LOS HIJOS DE LA REVUELTA: LA NUEVA GENERACIÓN REVOLUCIONARIA CHILENA
Organización y Lucha

LOS HIJOS DE LA REVUELTA: LA NUEVA GENERACIÓN REVOLUCIONARIA CHILENA

(★) .- Una entrevista exclusiva con la Unión Socialista del Trabajo revela el pensamiento de jóvenes que heredaron el legado del estallido social.

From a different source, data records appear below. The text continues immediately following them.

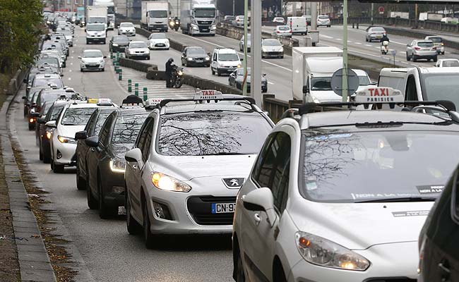 Striking Paris Taxis take part in a demonstration over the Paris ring road on December 15, 2014. (Reuters)
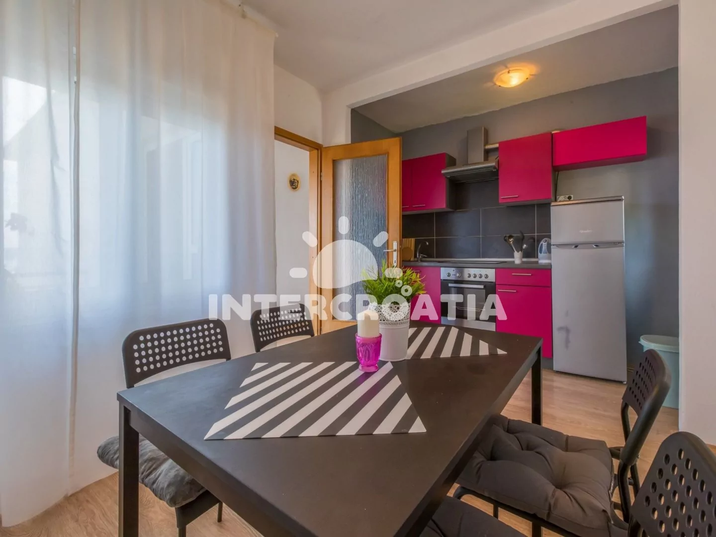Příjemně zařízený apartmán (75 m2) s vlastní terasou, balkonem a výhledem na moře se nachází v 2. patře domu a je vhodný pro 4 až 5 osob. Vstup: Kuchyň s jídelním stolem pro 4 osoby, kuchyňskou…
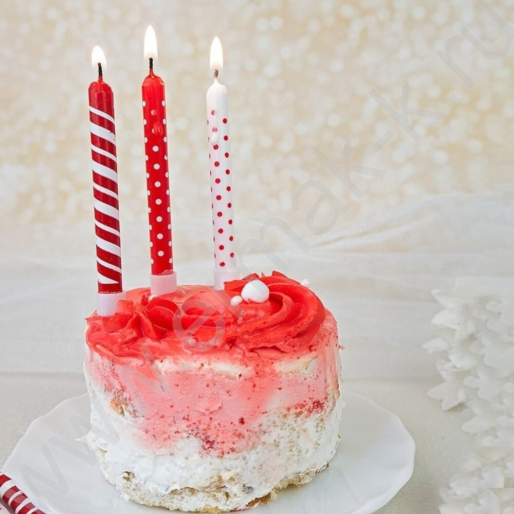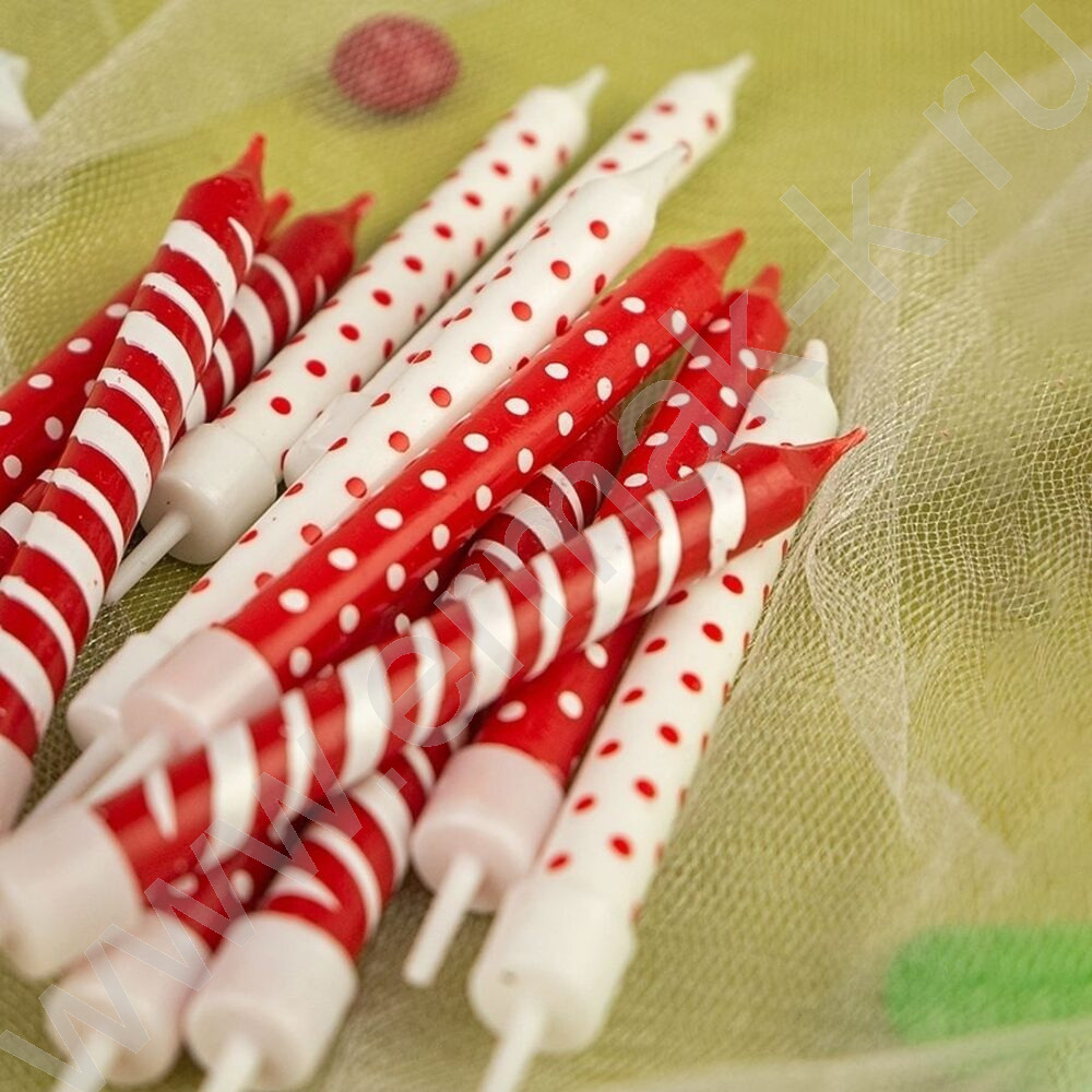 Свечи д/торта "Красное ассорти" 8 см с держателями 12шт/уп

La Unión Socialista del Trabajo (UST) emerge como una organización política de jóvenes entre 16 y 28 años que se autodefinen como "hijos de la revuelta social de octubre de 2019". En entrevista con el medio chileno Liberación, sus representantes Cristian Carvallo y Giovanni Rodríguez exponen un proyecto que rechaza reformismos y apunta directamente a la toma del poder por las clases oprimidas. No se trata de socialdemócratas que creen en cambios graduales dentro del capitalismo, sino de revolucionarios que buscan construir un nuevo futuro desde las bases.
Estos jóvenes trabajadores y estudiantes se definen marxistas-leninistas, pero mantienen una postura antidogmática abierta a la unidad con otras corrientes anticapitalistas. Su militancia significa "poner el cuerpo y el alma en servir a los demás, a nuestra clase", según explica Carvallo. Reconocen el legado histórico de luchadores anteriores, pero señalan que la dictadura generó un deterioro ideológico que detuvo procesos revolucionarios previos.
La UST se posiciona como antifascista, antiimperialista y partidaria de la autodeterminación de los pueblos. Apoyan la resistencia anticolonial en Medio Oriente y la lucha del pueblo mapuche contra la militarización estatal. Sobre las opresiones de género, raza y orientación sexual, comprenden estas luchas como expresiones vivas del pueblo trabajador, resultado histórico del colonialismo y la esclavitud que configuraron la diversidad latinoamericana.
Su concepto de poder popular va más allá del populismo reformista: buscan construir un contra-poder de la clase trabajadora que rivalice con la institucionalidad dominante. Ejemplifican con los cordones industriales de la Unidad Popular, donde los trabajadores ejercían control independiente del gobierno. Reconocen que la hegemonía cultural burguesa permeó a la sociedad chilena, especialmente tras la "doctrina del shock" dictatorial, pero ven en la gente común cuestionamientos a problemas como la vivienda, la educación y la subsistencia.
Esta nueva generación revolucionaria chilena representa la promesa de lo no conquistado, heredera directa de la energía desatada en 2019, que ahora busca canalizar la rebeldía juvenil hacia un proyecto socialista consciente y organizado.

Fuente: Entrevista publicada en Liberación.cl, medio digital chileno que cubre temas sociales, políticos y culturales desde una perspectiva crítica y de izquierda.